En el caso de marras resulta improcedente la acción de tutela, pues pretende la parte actora que se deje sin efectos la decisión adoptada de 20 de junio de 2016, proferida por la Sala Civil del Tribunal Superior de Bogotá, a través de la cual revocó la primer grado que denegó el levantamiento del embargo decretado sobre el bien inmueble identificado con matricula inmobiliaria No. 50C-663532 y, en su lugar, estimó que el incidentante demostró la posesión argüida, por cuanto lo que se advierte en el plenario, conforme a la inspección realizada por el juez constitucional de primera instancia a la providencia reprochada, es que la decisión no luce antojadiza, ni caprichosa o arbitraria, puesto que fue debidamente sustentada con base en el ordenamiento jurídico aplicable al caso y a la realidad procesal, concluyendo la autoridad accionada que «el examen conjunto del material probatorio recaudado, permite concluir que fue cuando se dio su traslado de Cartagena a Bogotá, que el señor Alonso Bosch empezó efectivamente a habitar, con ánimo de señor y dueño, la casa de la carrera 67 n.º 9 A - 14, toda vez que demostró haber asumido el pago de los servicios públicos, como se evidencia con las copias de los recibos de pago de energía, acueducto y alcantarillado y gas en marzo y abril de 2014».

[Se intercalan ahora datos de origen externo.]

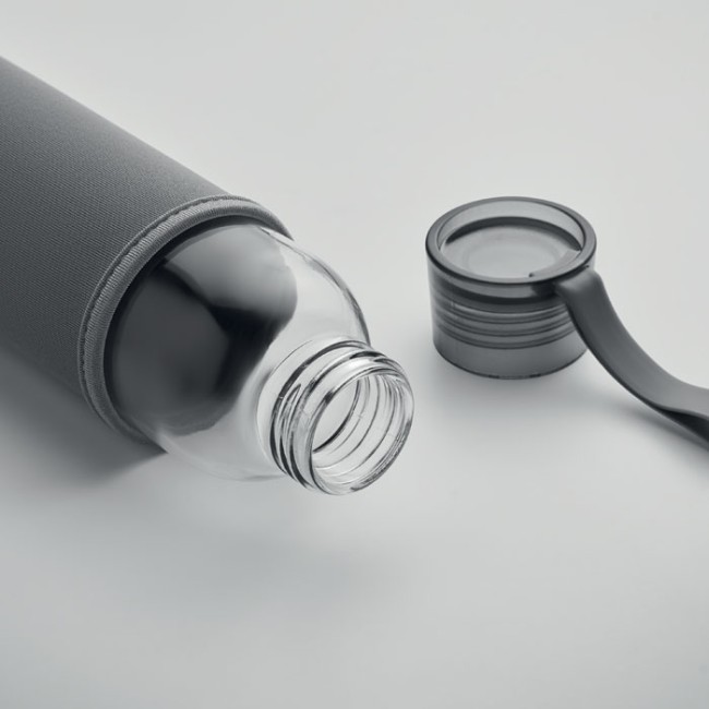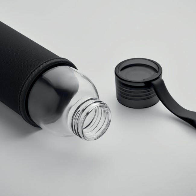 Bottiglia in vetro riciclato con custodia neoprene e coperchio antigoccia 500 ml

Ahora, conforme lo reseñó la Sala de Casación Civil, lo pretendido por el impugnante es controvertir la decisión tomada dentro del proceso ejecutivo, sin embargo, el propósito de la acción de tutela no es el de promover nuevos procesos, sustitutos de los ordinarios, menos crear instancias adicionales a las ya existentes, ni pretender modificar decisiones que se consideren desfavorables, por una simple discrepancia con el criterio vertido por el operador jurídico.
Su única finalidad, como ya se dijo, se encuentra determinada en el artículo 86 de la Constitución, que no es otra que la de proteger en forma inmediata los derechos fundamentales. Es decir, que con independencia de que se compartan o no las consideraciones esgrimidas por la autoridad judicial accionada, lo cierto es que la providencia, tal como se describe, se encuentra edificada en reflexiones que consultan las reglas mínimas de razonabilidad jurídica, impidiendo al juez de tutela interferir invocando una mejor interpretación del asunto.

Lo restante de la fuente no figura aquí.